- Let $a$ be a natural number with all different digits and $b$ is another number obtained by using the all the digits of $a$ but in a different order. Given \[a-b=\underset{n}{\underbrace{111\ldots1}}\] ($n$ digit $1$ where $n$ is a positive integer). Find the maximum value of $n$.
- Find positive integers $x,y,z$ such that \[(x-y)^{3}+(y-z)^{3}+4|z-x|=27.\]
- Let $a,b,c$ be the lengths of three sides of a triangle. Prove that \[2\left(\frac{a}{b}+\frac{b}{c}+\frac{c}{a}\right)\geq\frac{a}{c}+\frac{b}{a}+\frac{c}{b}+3.\]
- Let $ABC$ be an isosceles triangle ($AB=AC$) inscribed in a given circle $(O,R)$. Draw $BH$ perpendicular to $AC$ at $H$. Find the maximum length of $BH$.
- Solve the system of equations \[\begin{cases} \dfrac{7}{2}+\dfrac{3y}{x+y} & =\sqrt{x}+4\sqrt{y}\\ (x^{2}+y^{2})(x+1) & =4+2xy(x-1) \end{cases}.\]
- For any $m>1$, prove that the following equation has a unique solution \[x^{3}-3\sqrt[3]{3x+2m}=2m.\]
- Find all values of the parameters $p$ and $q$ such that the corresponding system of equations \[ \begin{cases} x^{2}+y^{2}+5 & =q^{2}+2x-4y\\ x^{2}+(12-2p)x+y^{2} & =2py+12p-2p^{2}-27 \end{cases}\] has two solutions $(x_{1},y_{1})$ and $(x_{2},y_{2})$ satisfying \[ x_{1}^{2}+y_{1}^{2}=x_{2}^{2}+y_{2}^{2}. \]

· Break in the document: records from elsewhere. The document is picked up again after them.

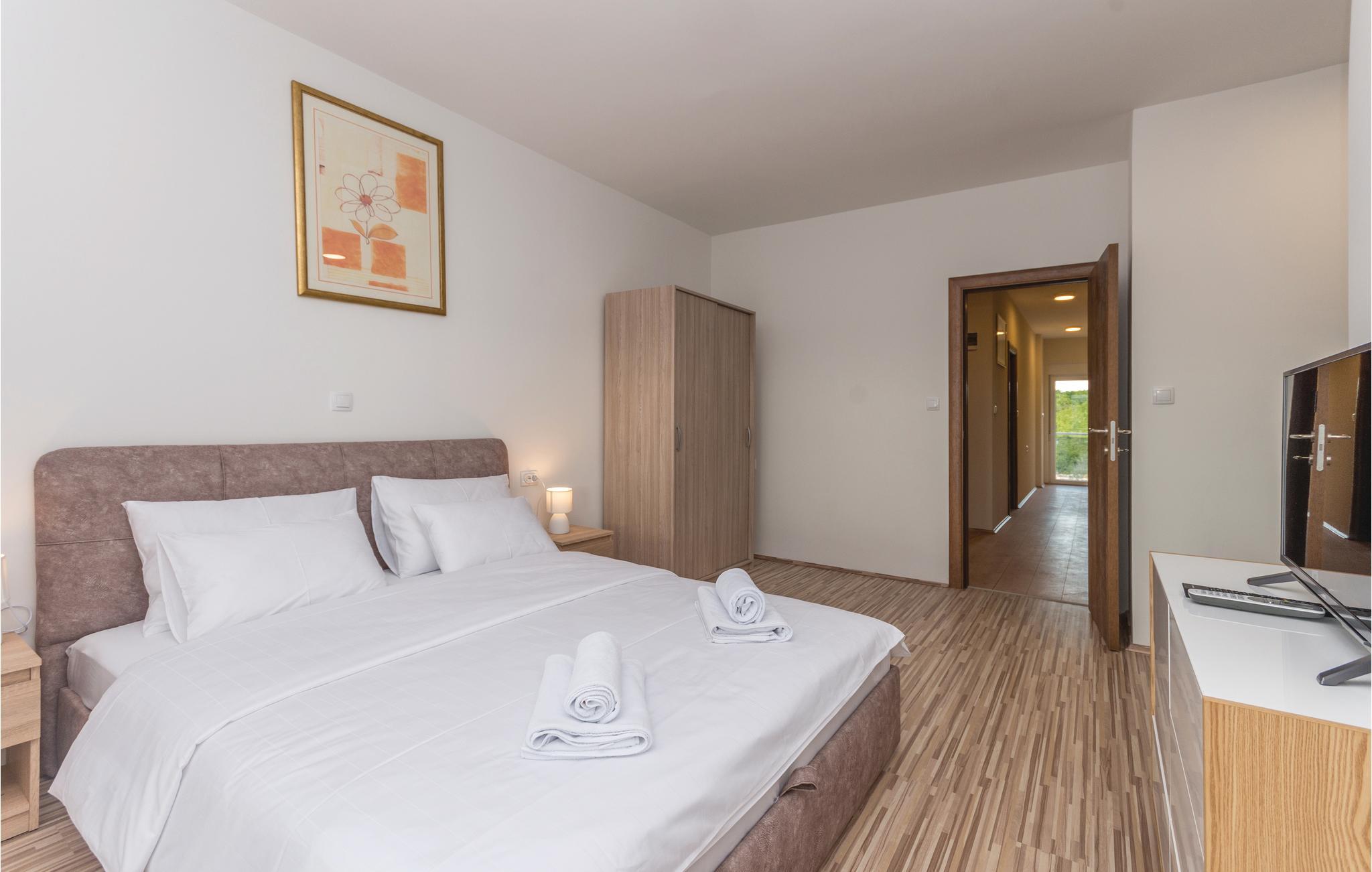 Dette rummelige familiehus ligger i landsbyen Bilišane i nærheden af Obrovac og er ideelt til en større familie eller vennegrupperne, der rejser sammen, da det har plads til hele 12 personer. De kan boltre sig med seks soveværelser, syv badeværelser, et køkken, en spisestue og et badeværelse, stue og en rummelig have med privat pool. Fra stueetagen og op til første sal er der indvendige trapper. Den mindste loftshøjde på loftet er 160 cm. Også i det udendørs område er dette hus meget veludstyret med 6 komfortable liggestole, hvor sommerkuløren kan komme i. Husets samlede boligareal er 262 m².
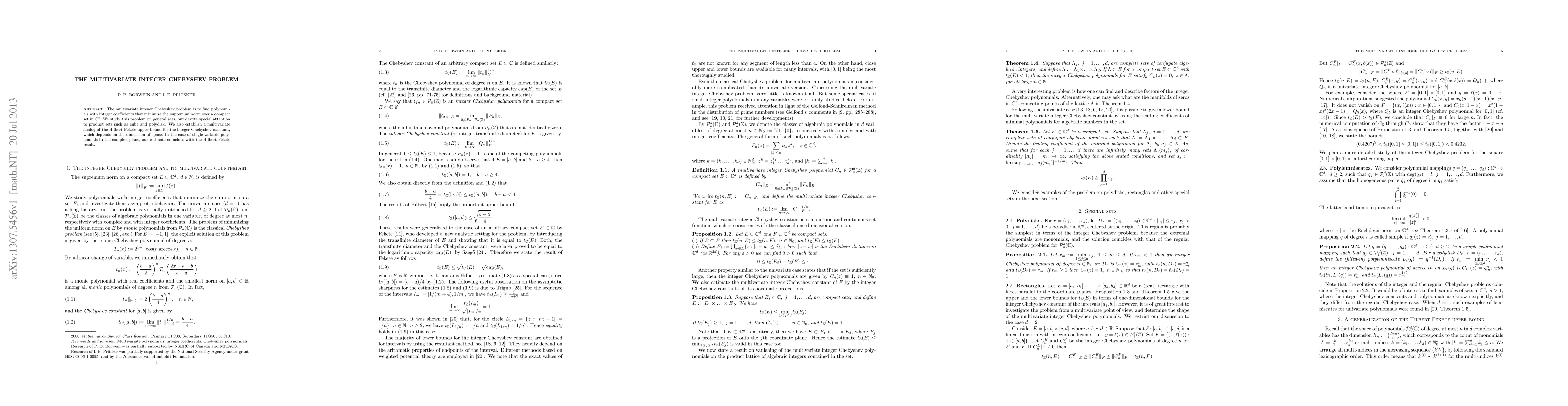 This paper investigates polynomials with integer coefficients that minimize the supremum norm over compact sets in complex space, focusing on product sets like cubes and polydisks, and establishes a multivariate analog of the Hilbert-Fekete upper bound for the integer Chebyshev constant.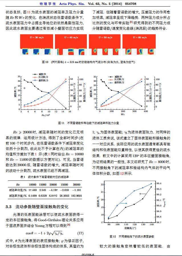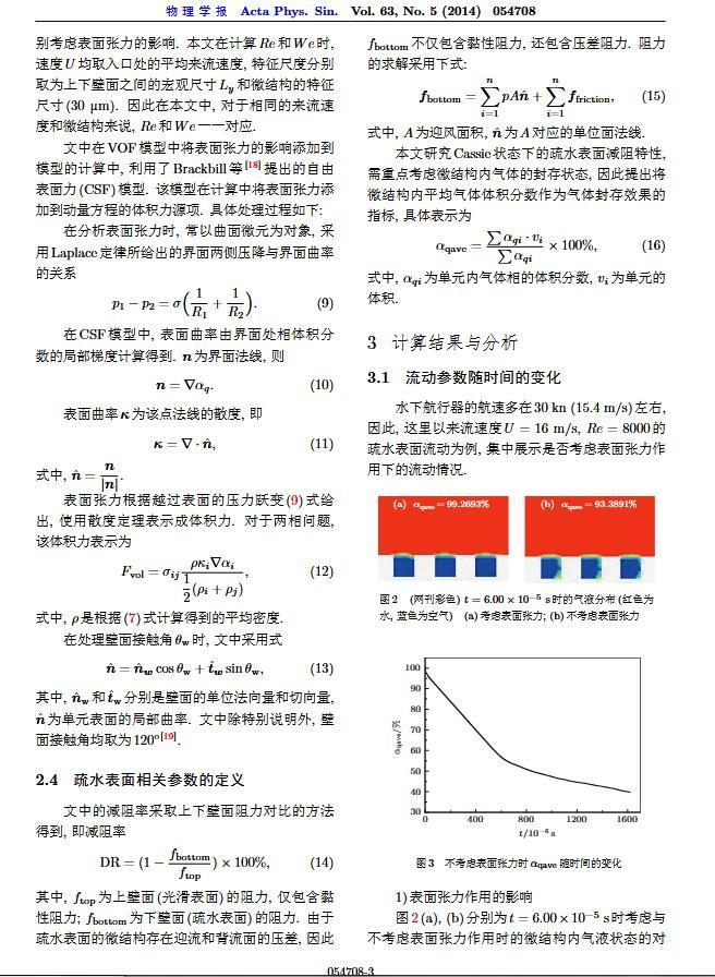 通過構造具有棋盤狀微結構的疏水表面,考慮表面張力的影響,利用定常與非定常結合的數值模擬方法,研究了疏水表面在湍流狀態下的減阻特性以及微結構內氣體封存的效果,其中Re=3000—30000.在低雷諾數下,疏水表面微結構內氣體封存狀態良好,減阻率最高約為30%;隨著雷諾數的增大,壓差阻力增大,減阻率有下降趨勢.當來流速度過大時,水會大量進入微結構,疏水表面的減阻率變化劇烈,且已經不再減阻.結果表明,表面張力削弱了壁面切應力的影響,使得低雷諾數下微結構內氣體能夠有效封存,進而減小壁面阻力.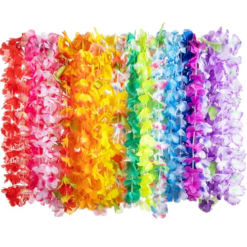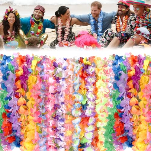 LPAOIS 60 stycken Hawaiiansk krans halsband, tropisk Hawaii Hula, Hawaii Luau Leis, Hawaii halsband blommor, Hawaii halsband, Leis Hawaiianska festdekorationer för tropisk strand temafest dekorationer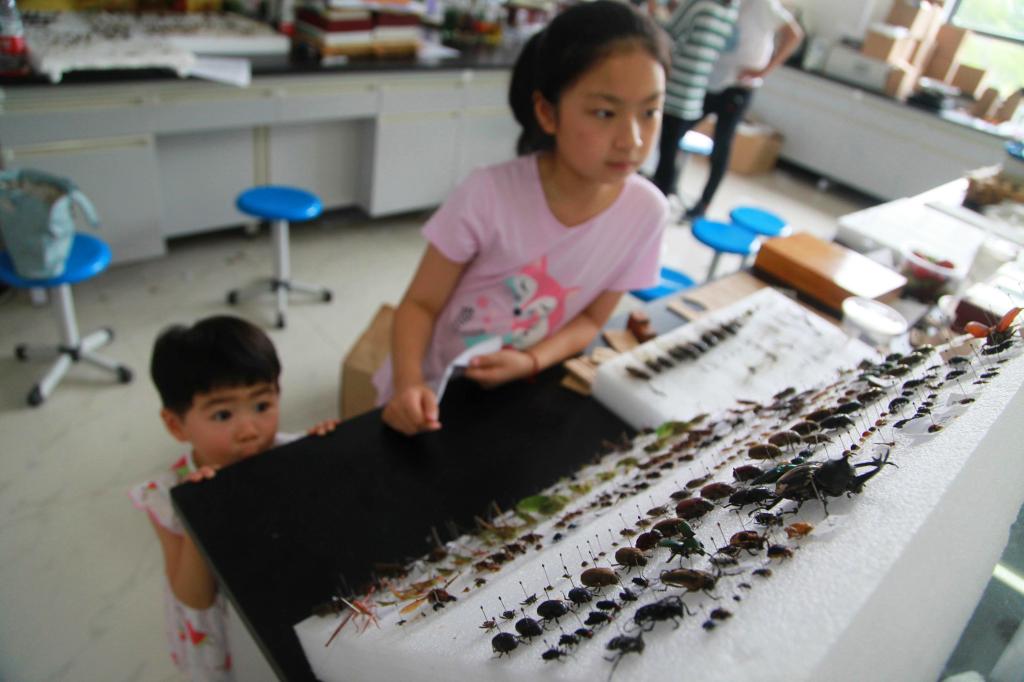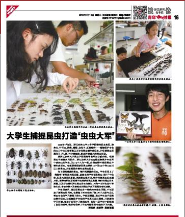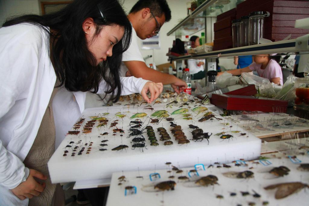 2018年7月8日,浙江农林大学15号学院楼的标本室里,独角仙、竹节虫、凤蝶、蜻蜓、金龟子、红袖蜡蝉……植物保护专业的大二学生们正在将数以万计的昆虫制作成标本,并根据昆虫所属的目、科、属、种分类摆放,组成阵容庞大的昆虫军团。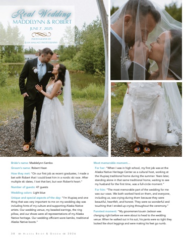 38 %uf098 A l a s k a B r i d e & G r o o m %uf099 2026Bride%u2019s name: Maddelynn SamboGroom%u2019s name: Robert HaanHow they met: %u201cOn our first job as recent graduates, I made a bet with Robert that I could beat him in a nordic ski race. After multiple ski dates, I lost that bet, but won Robert%u2019s heart.%u201dNumber of guests: 47 guestsWedding colors: Light blueUnique and special aspects of the day: %u201cI%u2019m I%u00f1upiaq and one thing that was very important to me on my wedding day was including hints of my culture and supporting Alaska Native artists. Our wedding venue, my beaded earrings, the ring pillow, and our shoes were all representations of my Alaska Native heritage. Our wedding officiant wore kamiks, traditional Alaska Native boots.%u201dMost memorable moment%u2026For her: %u201cWhen I was in high school, my first job was at the Alaska Native Heritage Center as a cultural host, working at the I%u00f1upiaq traditional home during the summer. Years later, standing alone in that same traditional home, waiting to see my husband for the first time, was a full-circle moment.%u201dFor him: %u201cThe most memorable part of the wedding for me was our vows. We both worked hard on them, and everyone, including us, was crying during them because they were beautiful, heartfelt, and honest. They were so wonderful and touching that I ended up crying throughout the ceremony.%u201dFunniest moment: %u201cMy groomsman/cousin Jackson was changing right before we were about to head to the wedding venue. When he walked out in his suit, his pants were so tight they looked like short leggings and were making his feet go numb. Real WeddingMaddelynn & RobertJune 7, 2025Photography byJulia Wallace Photography

- Given a triangle $ABC$ with $BC=a$, $CA=b$ and $AB=c$. Let $R,r$ and $p$ respectively be the circumradius, the inradius, and the semiperimeter of $ABC$. Prove that \[\frac{ab+bc+ca}{p^{2}+9Rr}\geq\frac{4}{5}.\] When does the equality occur?.
- Given three positive real numbers $a,b,c$ such that $abc\geq1$. Prove that \[\frac{a^{4}b^{2}c^{2}}{bc+1}+\frac{b^{4}c^{2}a^{2}}{ca+1}+\frac{c^{4}a^{2}b^{2}}{ab+1}\geq\frac{3}{2}.\]
- Find all positive integers $k$ such that there exist 2015 different positive integers whose sum is divisible by the sum of any $k$ numbers among them.
- Find the maximum $k$ such that the inequality \[\frac{1}{a}+\frac{1}{b}+\frac{1}{c}+1+2k\geq(k+2)\sqrt{a+b+c+1}\] holds for any positive real numbers $a,b,c$ satisfying $abc=1$.
- Given a triangle $ABC$ and $D$ varies on the side $BC$. Let $(I_{1})$, $(I_{2})$ respectively be the incircles of the triangles $ABD$, $ACD$. Suppose that $(I_{1})$ is tangent to $AB$, $BD$ at $E,X$ and $(I_{2})$ is tangent to $AC$, $CD$ at $F,Y$. Assume that $AI_{1}$, $AI_{2}$ respectively intersects $EX$, $FY$ at $Z,T$. Show that

a) $X,Y,Z,T$ both belong to a circle with center $K$.

b) $K$ belongs to a fixed line.